5. Continued Collaboration

When undertaking heavy industry projects, particularly in the mining sector—where the use of land, resources, and energy have environmental and social impacts, require extensive government permitting and affect the local population—early and frequent collaboration is not a luxury. Yara has earned a strong reputation in the highly industrial Pilbara region and the YURI project has been initiated with support from national, state and local government, local and regional stakeholders and local Aboriginal traditional owners. The stakeholder engagement conducted reduces the risks related to community acceptance of the project.*

Looking broader than an individual project, whether it concerns scaling up renewable hydrogen, wind, or solar projects, all are driven by global efforts to accelerate and reduce the costs of energy transition and decarbonisation. Everyone has a stake in mitigating the impacts of the climate crisis. And our interconnected networks share the need for resilience, which is why we encourage collaboration among committed private sector companies and progressive governments so they can mutually benefit from tapping renewable energy sources and streamlining the infrastructure to deliver it—keeping everyone’s costs and emissions down.

Learn how Henkel successfully partnered with ENGIE Impact to develop and deliver emission reduction at speed and scale. View discussion →

Start Early, Plan Carefully

It has taken several years to move from the initial assessment of utilising renewable hydrogen to power ammonia production at one of Yara’s fertiliser manufacturing sites to developing a high-level, phased roadmap, and then on to a joint investment and implementation strategy. Only now, five years later, is the first phase ready to commence. Multiple lessons have been confirmed along the way.

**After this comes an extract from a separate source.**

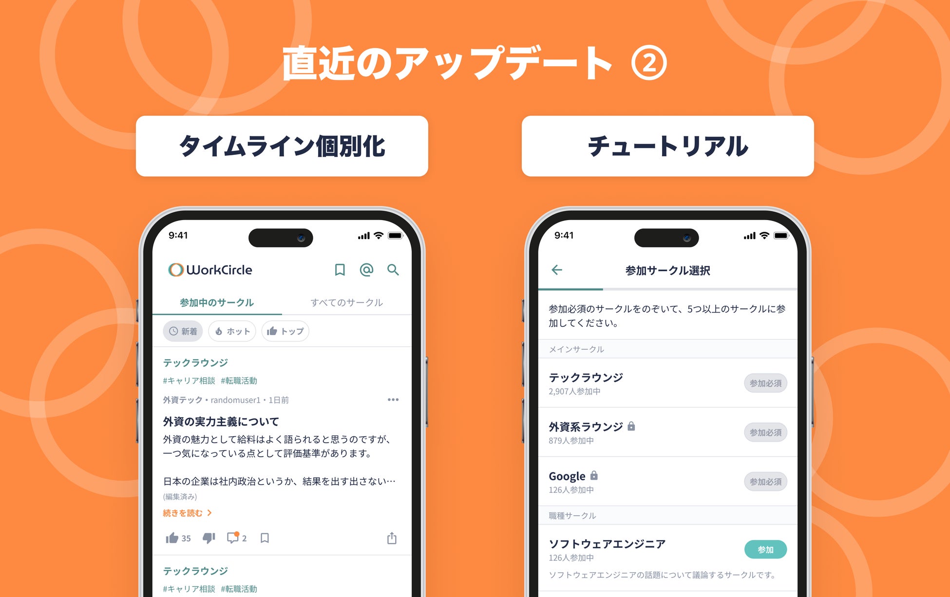 WorkCircleでは常時さまざまなトピックが議論されています。ユーザーがWorkCircleに求めるコミュニティは十人十色のため、各種サークルを参加型に変更し、参加しているサークルの投稿のみが表示される個別タイムラインを別途用意しました。

First, time is of the essence. For individual companies and heavy industry in general, the current decade will be critical to lay the foundation for long-term success. Develop your partnerships and start planning early, as there is a high cost to be paid for waiting. Delaying action reduces the amount of project time to learn and adjust to unexpected circumstances, and often forces developers to tackle multiple transformation levers all at once. Timely action de-risks the entire process and provides a competitive advantage for those getting out ahead of other companies.

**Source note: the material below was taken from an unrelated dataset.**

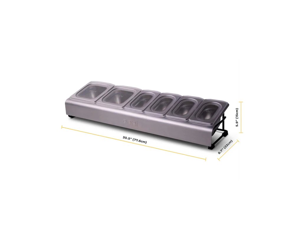 Tento praktický organizér vám umožní mít všechny suroviny přehledně uspořádané a vždy po ruce – ideální pro rychlou a efektivní přípravu více pizz po sobě. Odolná konstrukce kombinuje práškově lakovanou uhlíkovou ocel, nerezovou ocel a kvalitní plastové a silikonové prvky, které zajišťují dlouhou životnost i snadnou údržbu.

Second, a phased approach facilitates the securing of capital and financial commitments. The financial applications should be factored into the phasing strategy, as the lead time to invest and obtain approvals can be long. Therefore, large organisations should start applying for financial opportunities sooner than later.

Overall, phasing the approach helps keep the whole process on track, enables it to be monitored, and allows the organisation to pace itself in the race to Net Zero.

As a result of developing a thorough roadmap and collaborating with the local client, it was recently announced that the first phase of the Yuri project will produce up to 640 tons of renewable hydrogen per year as a zero-carbon feedstock for Yara Australia’s ammonia production facility. It is scheduled for completion in 2024. Realisation of this first phase keeps on track the ambition to develop a “Pilbara Green Hydrogen Hub”, serving local and export markets, and building on existing export infrastructure and abundant renewable energy resources in the region.

*Note: In the spirit of reconciliation, we acknowledge the Traditional Custodians of country throughout Australia and their connections to land, sea and community. Murujuga is the traditional Aboriginal name for the Dampier Archipelago and surrounds. It is being nominated for inscription on the World Heritage List to have its unique cultural, spiritual and archaeological values internationally recognised at the highest level. The rock art is deeply meaningful for the Traditional Owners. It provides a link to stories, customs and knowledge of their land and connects them to the events and people of the past and their beliefs today.